↓↓↓
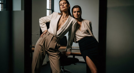 Beauty clothes couple caucasian women trend person studio female young fashionable pretty stylish
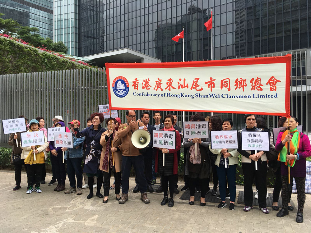 图:香港广东汕尾市同乡总会数十人,昨日到政府总部示威,抗议非法“佔中”发起人、港大法律学院副教授戴耀廷公然分裂国家的言行,要求政府严肃正视,港大亦应革除其教席
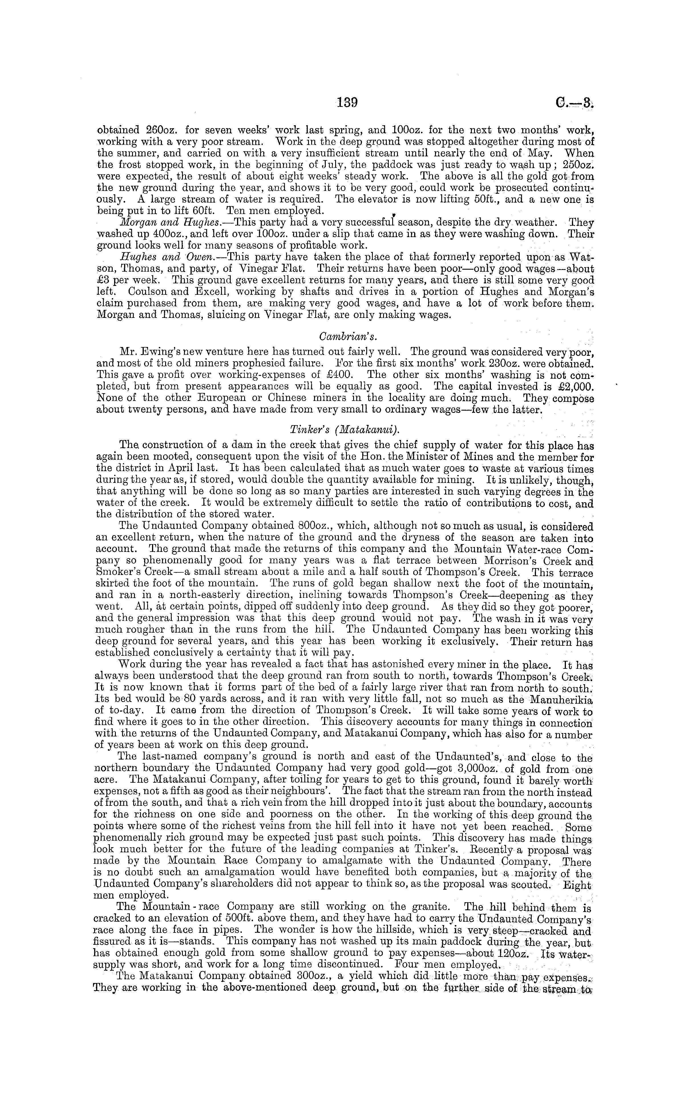 obtained 2600z. for seven weeks' work last spring, and lOOoz. for the next two months' work, working with a very poor stream. Work in the deep ground was stopped altogether during most of the summer, and carried on with a very insufficient stream until nearly the end of May. When the frost stopped work, in the beginning of July, the paddock was just ready to wash up ; 2500z. were expected, the result of about eight weeks' steady work. The above is all the gold got from the new ground during the year, and shows it to be very good, could work be prosecuted continue ously. A large stream of water is required. The elevator is now lifting 50ft., and a new one is being put in to lift 60ft. Ten men employed. Morgan and Htcghes. —This party had a very successful season, despite the dry weather. They washed up 4000z., and left over lOOoz. under a slip that came in as they were washing down. Their ground looks well for many seasons of profitable work. Hughes and Owen. —This party have taken the place of that formerly reported upon as Watson, Thomas, and party, of Vinegar Mat. Their returns have been poor—only good wages—about £3 per week. This ground gave excellent returns for many years, and there is still some very good left. Coulson and Excell, working by shafts and drives in a portion of Hughes and Morgan's claim purchased from them, are making very good wages, and have a lot of work before them. Morgan and Thomas, sluicing on Vinegar Flat, are only making wages. Cambrian's. Mr. Ewing's new venture here has turned out fairly well. The ground was considered very poor, and most of the old miners prophesied failure. For the first six months' work. 2300z. were obtained. This gave a profit over working-expenses of £400. The other six months' washing is not completed, but from present appearances will be equally as good. The capital invested is £2,000. None of the other European or Chinese miners in the locality are doing much. They compose about twenty persons, and have made from very small to ordinary wages—few the latter. Tinker's (Matakanui). The. construction of a dam in the creek that gives the chief supply of water for this place has again been mooted, consequent upon the visit of the Hon. the Minister of Mines and the member for the district in April last. It has been calculated that as much water goes to waste at various times during the year as, if stored, would double the quantity available for mining. It is unlikely, though, that anything will be done so long as so many parties are interested in such varying degrees in the water of the creek. It would be extremely difficult to settle the ratio of contributions to cost, and the distribution of the stored water. The Undaunted Company obtained 800oz., which, although not so much as usual, is considered an excellent return, when the nature of the ground and the dryness of the season are taken into account. The ground that made the returns of this company and the Mountain Water-race Company so phenomenally good for many years was a flat terrace between Morrison's Creek and Smoker's Creek—a small stream about a mile and a half south of Thompson's Creek. This terrace skirted the foot of the mountain. The runs of gold began shallow next the foot of the mountain, and ran in a north-easterly direction, inclining towards Thompson's Creek—deepening as they went. All, at certain points, dipped off suddenly into deep ground. As they did so they got poorer, and the general impression was that this deep ground would not pay. The wash in it was very much rougher than in the runs from the hill. The Undaunted Company has been working this deep ground for several years, and this year has been working it exclusively. Their return has established conclusively a certainty that it will pay. Work during the year has revealed a fact that has astonished every miner in the place. It has always been understood that the deep ground ran from south to north, towards Thompson's Creek. It is now known that it forms part of the bed of a fairly large river that ran from north to south. Its bed would be 80 yards across, and it ran with very little fall, not so much as the Manuherikia of to-day. It came from the direction of Thompson's Creek. It will take some years of work to find where it goes to in the other direction. This discovery accounts for many things in connection with the returns of the Undaunted Company, and Matakanui Company, which has also for a number of years been at work on this deep ground. The last-named company's ground is north and east of the Undaunted's, and close to the northern boundary the Undaunted Company had very good gold —got 3,0000z. of gold from one acre. The Matakanui Company, after toiling for years to get to this ground, found it barely worth expenses, not a fifth as good as their neighbours'. The fact that the stream ran from the north'instead of from the south, and that a rich vein from the hill dropped into it just about the boundary, accounts for the richness on one side and poorness on the other. In the working of this deep ground the points where some of the richest veins from the hill fell into it have not yet been reached. Some phenomenally rich ground may be expected just past such points. This discovery has made things look much better for the future of the leading companies at Tinker's. Eecently a proposal was made by the Mountain Eace Company to amalgamate with the Undaunted Company. There is no doubt such an amalgamation would have benefited both companies, but a majority of the Undaunted Company's shareholders did not appear to think so, as the proposal was scouted. Eight men employed. The Mountain - race Company are still working on the granite. The hill behind them is cracked to an elevation of 500 ft. above them, and they have had to carry the Undaunted Company's race along the face in pipes. The wonder is how the hillside, which is very, steep—cracked and fissured as it is—stands. This company has
↑↑↑
[EXERCISE OBJECTIVE]
Set down the material word for word, and drop every picture from it.

[WRITTEN RESPONSE]
 Beauty clothes couple caucasian women trend person studio female young fashionable pretty stylish
 图:香港广东汕尾市同乡总会数十人,昨日到政府总部示威,抗议非法“佔中”发起人、港大法律学院副教授戴耀廷公然分裂国家的言行,要求政府严肃正视,港大亦应革除其教席
 obtained 2600z. for seven weeks' work last spring, and lOOoz. for the next two months' work, working with a very poor stream. Work in the deep ground was stopped altogether during most of the summer, and carried on with a very insufficient stream until nearly the end of May. When the frost stopped work, in the beginning of July, the paddock was just ready to wash up ; 2500z. were expected, the result of about eight weeks' steady work. The above is all the gold got from the new ground during the year, and shows it to be very good, could work be prosecuted continue ously. A large stream of water is required. The elevator is now lifting 50ft., and a new one is being put in to lift 60ft. Ten men employed. Morgan and Htcghes. —This party had a very successful season, despite the dry weather. They washed up 4000z., and left over lOOoz. under a slip that came in as they were washing down. Their ground looks well for many seasons of profitable work. Hughes and Owen. —This party have taken the place of that formerly reported upon as Watson, Thomas, and party, of Vinegar Mat. Their returns have been poor—only good wages—about £3 per week. This ground gave excellent returns for many years, and there is still some very good left. Coulson and Excell, working by shafts and drives in a portion of Hughes and Morgan's claim purchased from them, are making very good wages, and have a lot of work before them. Morgan and Thomas, sluicing on Vinegar Flat, are only making wages. Cambrian's. Mr. Ewing's new venture here has turned out fairly well. The ground was considered very poor, and most of the old miners prophesied failure. For the first six months' work. 2300z. were obtained. This gave a profit over working-expenses of £400. The other six months' washing is not completed, but from present appearances will be equally as good. The capital invested is £2,000. None of the other European or Chinese miners in the locality are doing much. They compose about twenty persons, and have made from very small to ordinary wages—few the latter. Tinker's (Matakanui). The. construction of a dam in the creek that gives the chief supply of water for this place has again been mooted, consequent upon the visit of the Hon. the Minister of Mines and the member for the district in April last. It has been calculated that as much water goes to waste at various times during the year as, if stored, would double the quantity available for mining. It is unlikely, though, that anything will be done so long as so many parties are interested in such varying degrees in the water of the creek. It would be extremely difficult to settle the ratio of contributions to cost, and the distribution of the stored water. The Undaunted Company obtained 800oz., which, although not so much as usual, is considered an excellent return, when the nature of the ground and the dryness of the season are taken into account. The ground that made the returns of this company and the Mountain Water-race Company so phenomenally good for many years was a flat terrace between Morrison's Creek and Smoker's Creek—a small stream about a mile and a half south of Thompson's Creek. This terrace skirted the foot of the mountain. The runs of gold began shallow next the foot of the mountain, and ran in a north-easterly direction, inclining towards Thompson's Creek—deepening as they went. All, at certain points, dipped off suddenly into deep ground. As they did so they got poorer, and the general impression was that this deep ground would not pay. The wash in it was very much rougher than in the runs from the hill. The Undaunted Company has been working this deep ground for several years, and this year has been working it exclusively. Their return has established conclusively a certainty that it will pay. Work during the year has revealed a fact that has astonished every miner in the place. It has always been understood that the deep ground ran from south to north, towards Thompson's Creek. It is now known that it forms part of the bed of a fairly large river that ran from north to south. Its bed would be 80 yards across, and it ran with very little fall, not so much as the Manuherikia of to-day. It came from the direction of Thompson's Creek. It will take some years of work to find where it goes to in the other direction. This discovery accounts for many things in connection with the returns of the Undaunted Company, and Matakanui Company, which has also for a number of years been at work on this deep ground. The last-named company's ground is north and east of the Undaunted's, and close to the northern boundary the Undaunted Company had very good gold —got 3,0000z. of gold from one acre. The Matakanui Company, after toiling for years to get to this ground, found it barely worth expenses, not a fifth as good as their neighbours'. The fact that the stream ran from the north'instead of from the south, and that a rich vein from the hill dropped into it just about the boundary, accounts for the richness on one side and poorness on the other. In the working of this deep ground the points where some of the richest veins from the hill fell into it have not yet been reached. Some phenomenally rich ground may be expected just past such points. This discovery has made things look much better for the future of the leading companies at Tinker's. Eecently a proposal was made by the Mountain Eace Company to amalgamate with the Undaunted Company. There is no doubt such an amalgamation would have benefited both companies, but a majority of the Undaunted Company's shareholders did not appear to think so, as the proposal was scouted. Eight men employed. The Mountain - race Company are still working on the granite. The hill behind them is cracked to an elevation of 500 ft. above them, and they have had to carry the Undaunted Company's race along the face in pipes. The wonder is how the hillside, which is very, steep—cracked and fissured as it is—stands. This company has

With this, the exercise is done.